Segment Start: EXERCISE INPUT
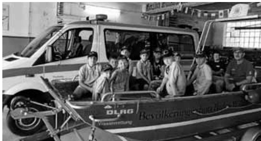
Die Kinder der FFW lernten vieles über die vielfältigen Aufgaben der DLRG.
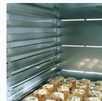
Intérieur Inox Stainless steel inside
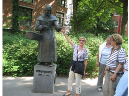
Die Zitronenjette in Hamburg

Am nächsten Morgen stand zunächst eine Fahrt mit der Hafenfähre nach Fin-
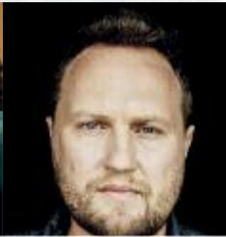
OLDELAF 20/10/18 - BOURSE
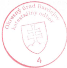
JUDr. Sesil Zámbořská

Toto rozhodnutie je podľa § 177 a nasl. zákona č. 162/2015 Z. z. Správny súdny poriadok preskúmateľné súdom po nadobudnutí právoplatnosti.
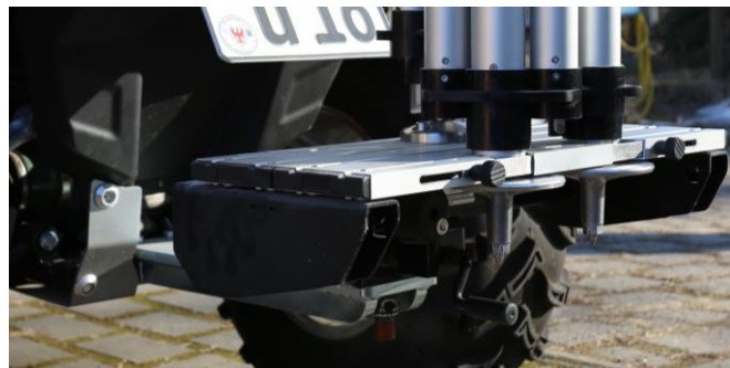
Die Verlängerung der Anhängerkupplung und die daran angekoppelte Stativhalterung.
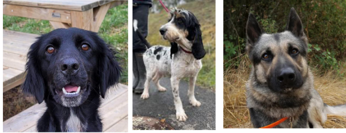
Les stars de la semaine : Dora, Polux et Chinky

Cette semaine, la SPA vous présente trois nouveaux venus qui ont hâte de vous rencontrer.
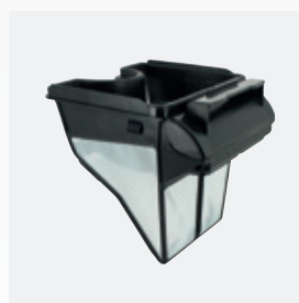
Bac filtrant Filtre simple 100 µ
Segment End: EXERCISE INPUT
▶ [PROBLEM DETAILS] Extract, word for word, every line from the one containing "Die Zitronenjette in Hamburg" to the end of the data above, both ends included, and leave out the pictures.

▶ [RESPONSE TO THE EXERCISE]
Die Zitronenjette in Hamburg

Am nächsten Morgen stand zunächst eine Fahrt mit der Hafenfähre nach Fin-
OLDELAF 20/10/18 - BOURSE
JUDr. Sesil Zámbořská

Toto rozhodnutie je podľa § 177 a nasl. zákona č. 162/2015 Z. z. Správny súdny poriadok preskúmateľné súdom po nadobudnutí právoplatnosti.
Die Verlängerung der Anhängerkupplung und die daran angekoppelte Stativhalterung.
Les stars de la semaine : Dora, Polux et Chinky

Cette semaine, la SPA vous présente trois nouveaux venus qui ont hâte de vous rencontrer.
Bac filtrant Filtre simple 100 µ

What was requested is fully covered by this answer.